WORK REQUIRED: Retype only the lines that run from the top of the material below to the line bearing "Modelo de apartamento: Two", inclusive, and keep the pictures out.
### SOURCE DATA
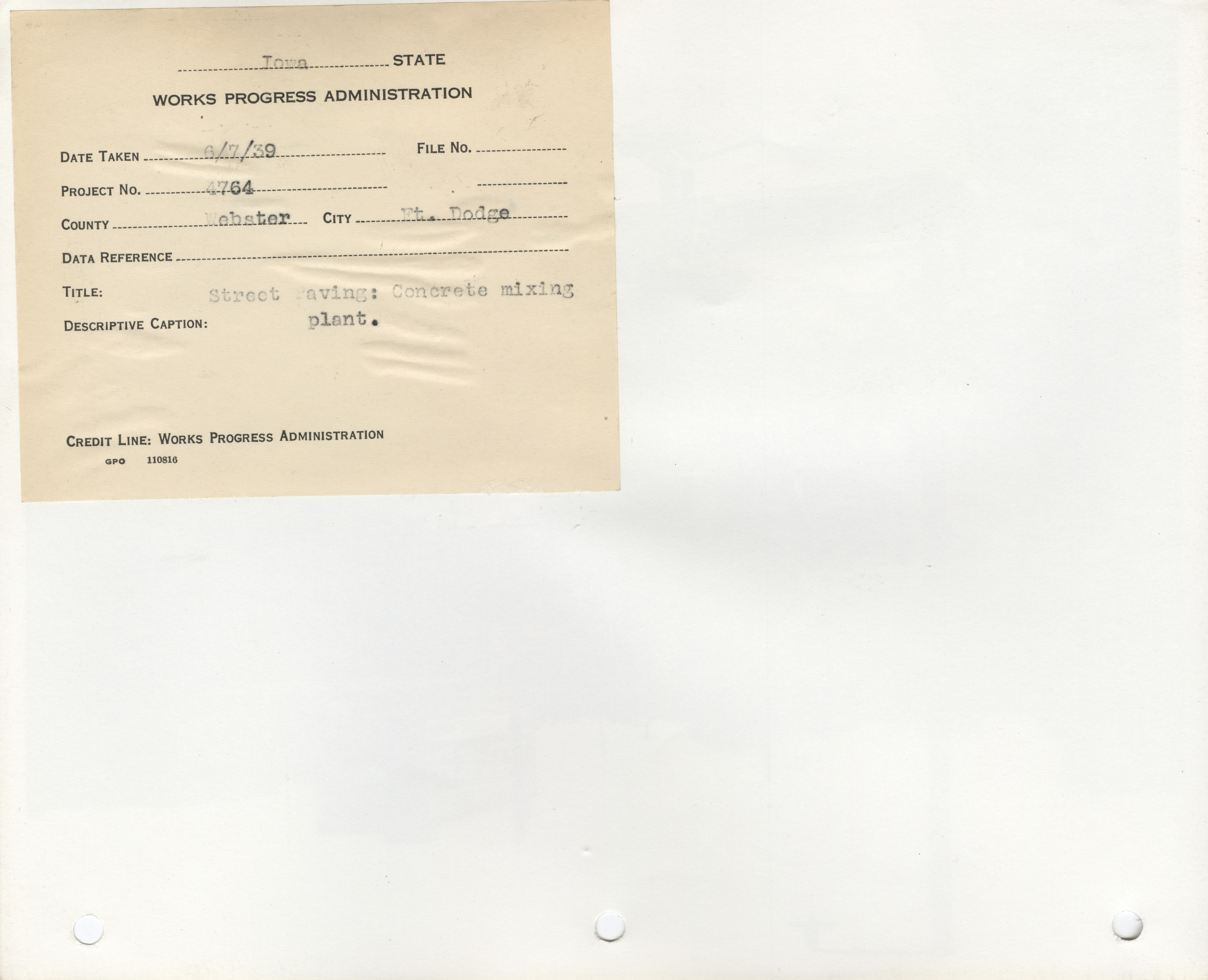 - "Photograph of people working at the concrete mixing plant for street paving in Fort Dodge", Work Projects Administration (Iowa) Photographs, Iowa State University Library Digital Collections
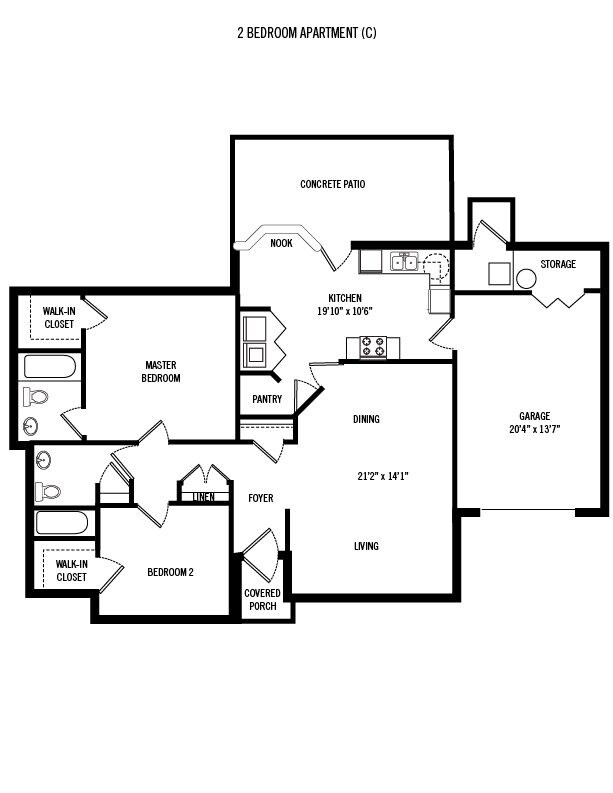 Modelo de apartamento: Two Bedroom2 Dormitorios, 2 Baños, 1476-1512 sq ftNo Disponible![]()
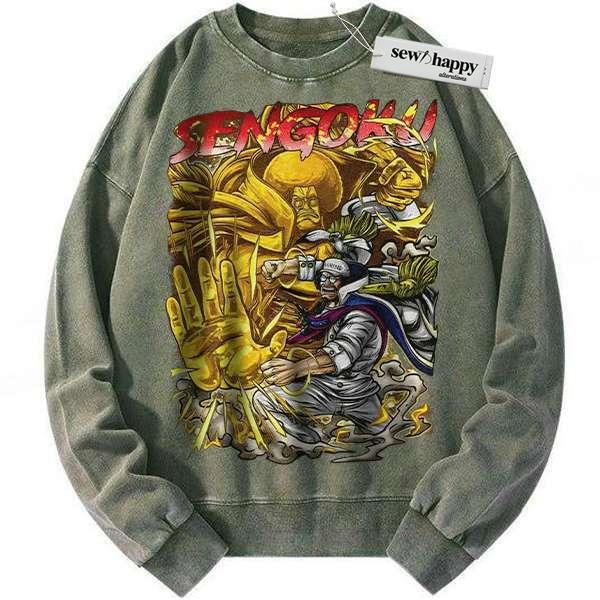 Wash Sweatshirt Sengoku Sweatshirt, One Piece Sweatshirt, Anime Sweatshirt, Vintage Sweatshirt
######
RESULT OF THIS TASK:
 - "Photograph of people working at the concrete mixing plant for street paving in Fort Dodge", Work Projects Administration (Iowa) Photographs, Iowa State University Library Digital Collections
 Modelo de apartamento: Two Bedroom2 Dormitorios, 2 Baños, 1476-1512 sq ftNo Disponible![]()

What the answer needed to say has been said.